Last year many investors were hoping that fast-growing Asia and its markets could “decouple” from weak growth in America and the rest of the developed world. “So much” for that, as Leslie Norton says in Barron’s. The MSCI Asia ex-Japan index has fallen by 35% to a 16-month low from its October 2007 peak, and further falls are on the cards.

Signs of weakness in Asia have mounted as the US-led global slowdown “is taking a toll on Asian economies”, lowering demand for their high-tech exports, says Lim JI Won of JP Morgan. What’s more, high inflation in the region has prompted central banks to tighten monetary policy and dampened consumption.

Taiwan has lowered its growth forecast for 2008 to 4.3%, down from 4.8% three months ago and the weakest pace since 2003. Singapore, where growth slumped to just 2.1% year-on-year after shrinking in the second quarter and retail sales dropped in June, now expects its non-oil exports to shrink by 2%-4% this year. Hong Kong’s exports slid for the first time in two years in June and consumption and investment growth are slowing.
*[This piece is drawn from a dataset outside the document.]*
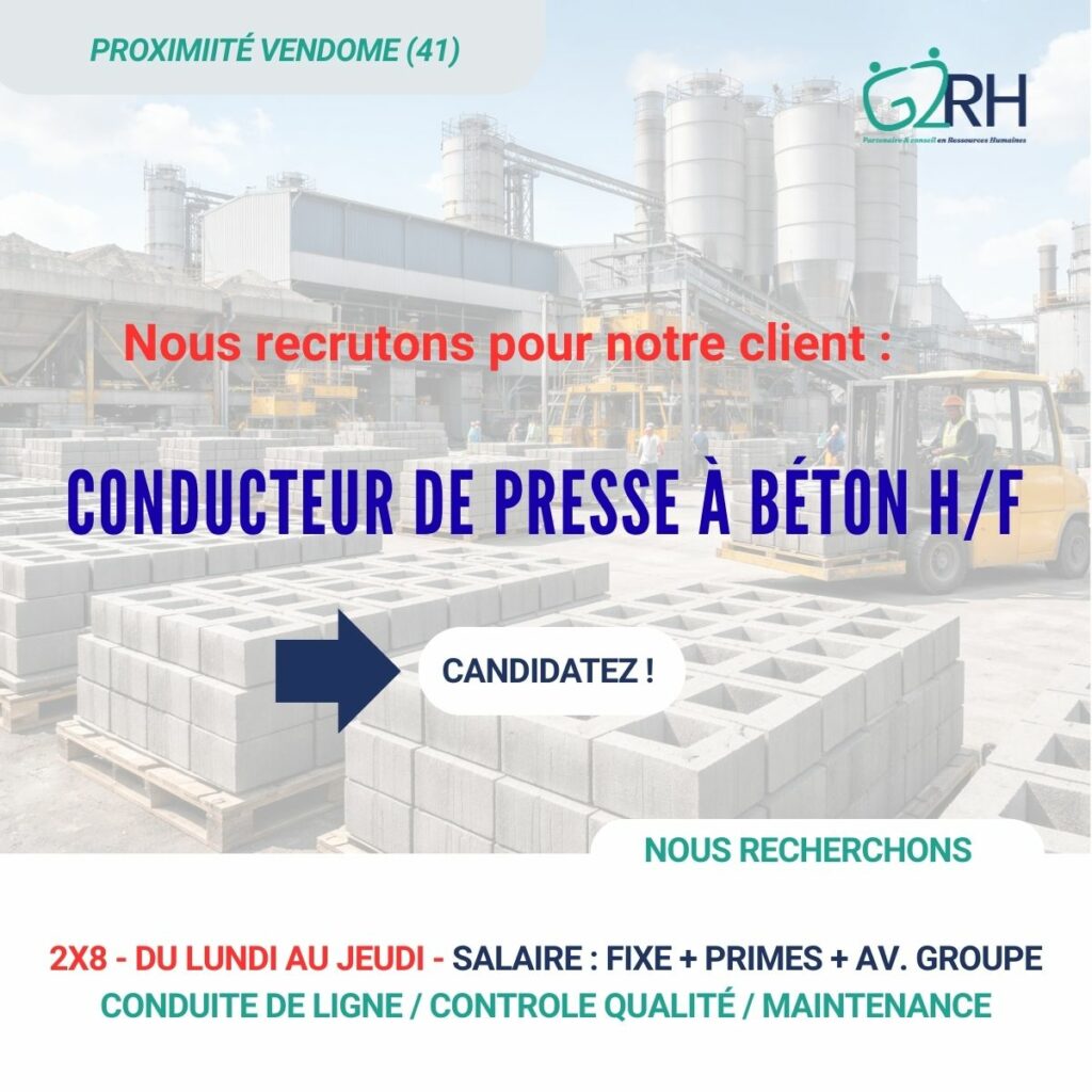 Lucie LUROT, consultante pour le cabinet, recrute aujourd’hui pour le compte de son client, un groupe familial et local reconnu pour son expertise dans la fabrication d’équipements pour le TP, BTP et génie civil, un.e Conducteur de presse à béton H/F en CDI, pour l’un de ses sites historiques.

Container traffic from Asia to Europe is now at an annual -0.5%, compared to double-digit growth only a year ago, notes Citigroup. In China, which Goldman Sachs expects to grow by 9.5% next year, compared to almost 12% in 2007, consumer confidence is at a two-year low, while export growth has eased and a “continued deterioration” is likely throughout the year as “US and European consumers stay at home”, says Stephen Green of Standard Chartered.

Stephen Roach of Morgan Stanley notes that emerging Asia’s exports as a proportion of GDP rose to a record 45% by 2007, and the American consumer, the biggest source of emerging Asia’s external demand, is now “in trouble”. The growth in Chinese exports to the US slowed to 8% year-on-year in June, following annual average gains of over 25% in the years between 2003 and 2007. America accounts for around 20% of China’s external demand and Japan and Europe, which make up around 30% of overall exports, are now faltering. “Decouplers” have also forgotten how small Asia’s economies remain, Desmond Lachlan of the American Enterprise Institute noted earlier this year. The Chinese economy is barely 15% the size of America’s.

On the stockmarket front, it seems investors have yet to adjust fully to the darkening outlook. Earnings forecasts for 2008 have fallen to 4.4% from 10.4% at the start of the year, notes Citigroup’s Markus Rosgen, but “it would be comforting to see a greater sense of realism” on the 2009 numbers, which still foresee growth of 15%. What’s more, margins are so far only expected to contract in three countries, yet “commodity costs have risen 43 times faster than export prices over the last year”.

Earnings growth is likely to be negative come year end and stay that way on an annual basis until the second half of 2009. Asian markets are due a “wake-up call” on the earnings front later this year. Historically, Asian markets have yielded positive returns over the subsequent year once 12-month forward earnings forecasts have been falling for nine months – they are still topping out – and the region’s price-to-book value has hit 1.4; it is now at 1.9. The bottom? “We are not there yet”.